Training Cluster
Training Cluster enables the creation of a dedicated environment with a predefined allocation of RAM, CPU, and GPU resources. The pricing for the Training Cluster is fixed, unaffected by the actual usage percentage of the allocated resources. Additionally, creating deployments within the Training Cluster incurs no extra charges.
Create Training Cluster
- To create a new Training Cluster, click the CREATE CLUSTER button under Training Cluster.
To Launch TIR Cluster
- Enter the desired Cluster Name, and Select the Cluster Configuration by choosing the appropriate machine type with the required CPU, GPU, and an available plan for TIR Cluster.
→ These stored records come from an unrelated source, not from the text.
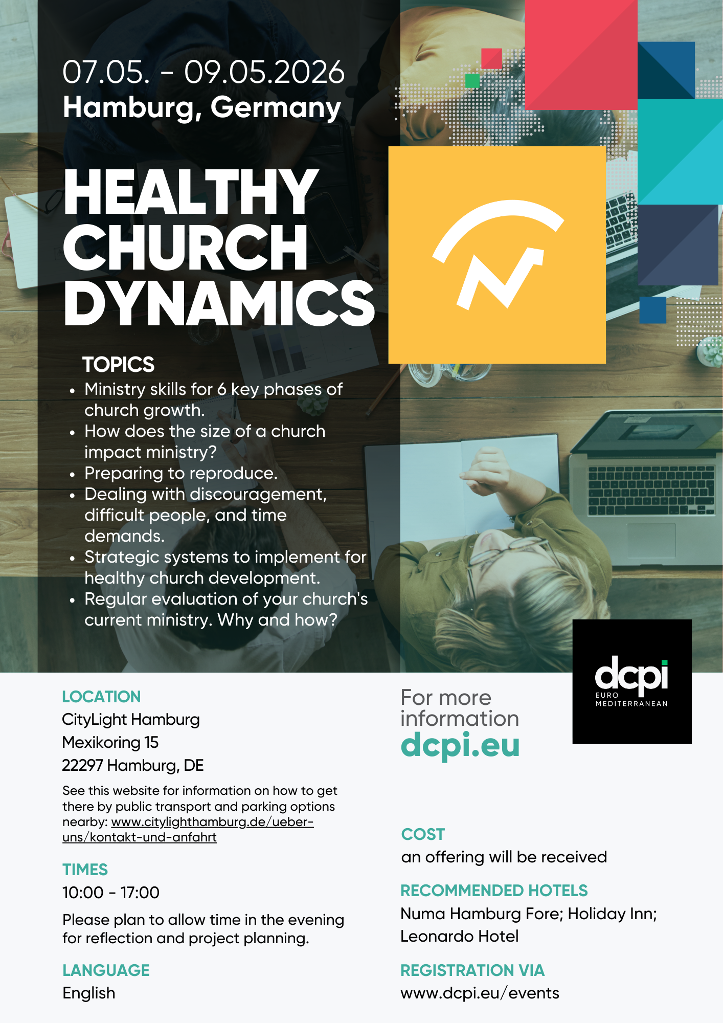 Dynamic Church Planting International (DCPI) is a 501(c)3 non-profit organization founded in 1994 in the USA with the vision of training leaders in every country of the world to plant dynamic churches to reach the world for Jesus. In 2023, we officially founded the DCPI Euro-Mediterranean non-profit to serve Euro-Med more effectively. We offer all of our trainings free of charge, so that hundreds of thousands of men and women called by God can take the Gospel to their tribes, tongues, and nations. We offer 8 tracks of training built upon biblical principles and actionable applications, so DCPI churches are effective and healthy. In 2021, we celebrated 1 MILLION churches!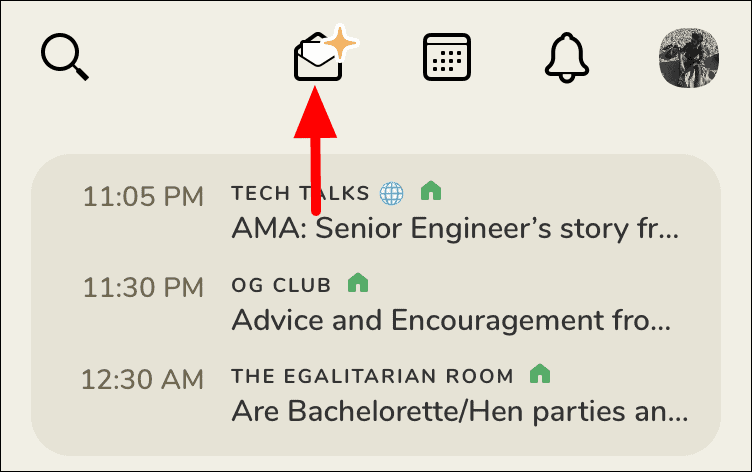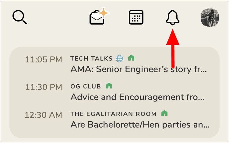 When Clubhouse adds invites to your account, you will receive a notification for the same at the top of the screen. Also, you could check the notification in the designated section by tapping on the ‘Bell’ icon at the top-right corner. This opens the notification section where you can see all the in-app notifications.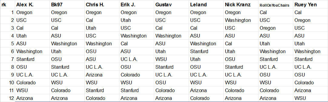 Furthermore, I’m quite surprised to see that we collectively not only split the conference in two, but where we put that divide. The aforementioned near-threeway-tie at fourth has a precise score closer to 5.0; the next teams (a cluster of Oregon State, Stanfurd, and UC L.A.) have precise scores at 8.0—a whopping drop of three spots. Despite some collective indecision about how to rank ASU, Washington, and Utah, the group felt that OSU was clearly in the next tier.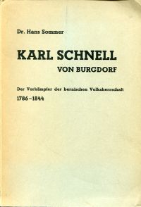 Sommer, Hans: Karl Schnell von Burgdorf. Der Vorkämpfer der bernischen Volksherrschaft 1786 – 1844. Burgdorf: Haller 1939. Gr.-8°. 238 S., broschiert (Umschlag angebräunt und leichten Gebrauchsspuren; Schnitt wenig befleckt: sonst gut erhalten)

- On this page, you can view the details of the selected plan. Depending on whether you choose an Hourly-Based Plan or a Committed Plan, the summary section will display the corresponding details and associated costs and then click on CREATE.
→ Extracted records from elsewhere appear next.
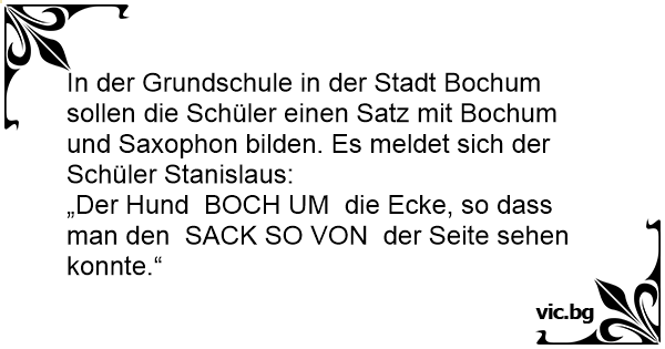 In der Grundschule in der Stadt Bochum sollen die Schüler einen Satz mit Bochum und Saxophon bilden. Es meldet sich der Schüler Stanislaus: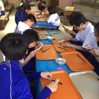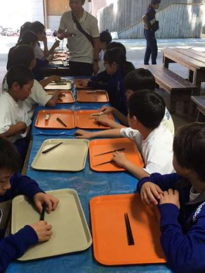 はし作り体験を行いました。今日の昼食は、自分で作ったおはしで食べます。楽しみです。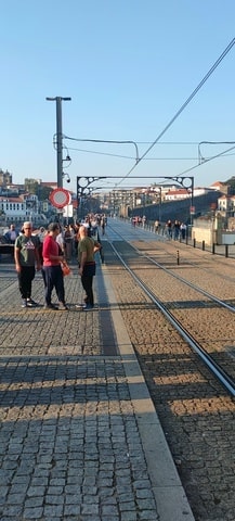 Este puente merece unas palabras. Como se ve, une Oporto a la izquierda, con Vilanova de Gaia que está a la derecha. Se inauguró en 1886 y es obra del ingeniero Théophile Seyrig (discípulo y colaborador de Gustave Eiffel). Como pude verse hay dos niveles. El de bajo es peatonal y tiene 180m de longitud. Por el de arriba circulan el metro de oporto y peatones y tiene una longitud de 390 m. El arco central, metálico, tiene una luz de 172 m.

To Launch Training Cluster In Private Cluster
- Enter the desired Cluster Name, and Select the Cluster Configuration by choosing the private Cluster.
- If you don't have Private Cluster then click on Click here and then click on CREATE to launch a Private Cluster
- On this page, you can view the details of the selected plan. Depending on whether you choose an Hourly-Based Plan or a Committed Plan, the summary section will display the corresponding details and associated costs and then click on NEXT.
- Enter the desired Cluster Name, and Select the Node Count and then select the Node Configuration and then select the plan and then click on LAUNCH button.
- Now select the Private Cluster and then select the Plan and if the resources is not available then click on request otherwise select the plan and then click on CREATE.
Manage Training Cluster
Overview
- You can view the details of the selected Training Cluster, including the Cluster Name, Number of Nodes, Plan Name, and the Cluster Node Configuration, which displays the count of GPUs, CPUs, and RAM allocated within the cluster.
Monitoring
You can view the Disk Usage and Memory Usage for the selected Node within the Training Cluster. Additionally, the following metrics are also available: GPU Utilization, GPU Temperature, CPU Utilization, Memory Utilization, Disk Total Read Bytes, and Disk Total Write Bytes.